- April 10, 2007
- Posted by: Dave Kurlan
- Category: Understanding the Sales Force
Give me a break. Another blogger is trying to convince you that your selling process is obsolete. Well, yeah, the selling systems from 50 years ago, despite their continued uses, are obsolete, but not so for many of the selling systems in place today. Geoffrey James, a freelance writer and author, but not a sales expert, has recently written about this subject and I strongly disagree with what he wrote. In his most recent post, Is Your Sales Process Obsolete?, he makes some errant assumptions about the assumptions your salespeople are making.
While some of what he writes is true to an extent, it is not true about all products, services and companies.
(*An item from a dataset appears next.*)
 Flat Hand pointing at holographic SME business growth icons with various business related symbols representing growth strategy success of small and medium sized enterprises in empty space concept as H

While many products and services are simply being bought, not sold, there are still a great number of products and services that are and will continue to be sold. These include complex products and services as well as high-priced products and services and customized products and services.
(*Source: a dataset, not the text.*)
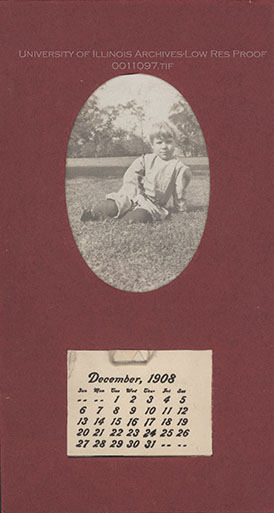 Photo and calendar of a young Sam Trelease. He is sitting in a field side-saddle style. Trees are visible in the background of the photo. The calendar shows December 1908, and there are remnants of past calendar pages.The photo is embedded into a red mat. The back has the following written in pencil: "Merry Christmas to Grandma from Sam." There is also typed text in white font stating the inlaid calendar mat is patented by the House Co., Makers from Boston.

While it’s important to consider how the customer wishes to be sold, a salesperson can’t abandon a selling process while the customer/prospect uses one salesperson against the other to commoditize the offering. The salesperson still requires a road map and my process, introduced in Baseline Selling, identifies points in time, as opposed to sequential steps.
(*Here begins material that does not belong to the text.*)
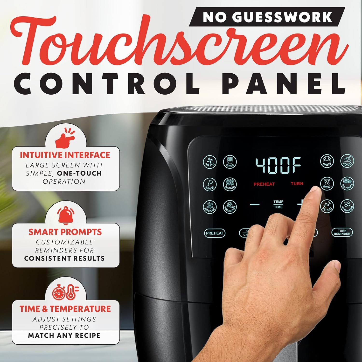 The air fryer from Gourmia offers a family-sized 6 qt cooking capacity that fits weeknight meals and weekend snacks with ease. With this product, you can enjoy healthier meals using less oil, while saving time in your daily kitchen routine.

If salespeople waited until prospects were ready, they would be in competitive situations always – “I know what I want, now I just have to decide who to buy from.” While they may know what they want, without a salesperson to ask the right questions, they may not know what they need!
While some prospects will simply say “yes” at closing time, most won’t, even when they’re ready. They need to be closed. Effective salespeople help prospects make decisions to buy what they need. Left to their own devices, prospects often fail to act at all.
While the economy won’t come to a standstill, if everyone in sales moved to the customer centric model, there would be an awful lot of expensive, complex, custom-built products and services that would be sitting on shelves, with salespeople no longer able to demonstrate their value.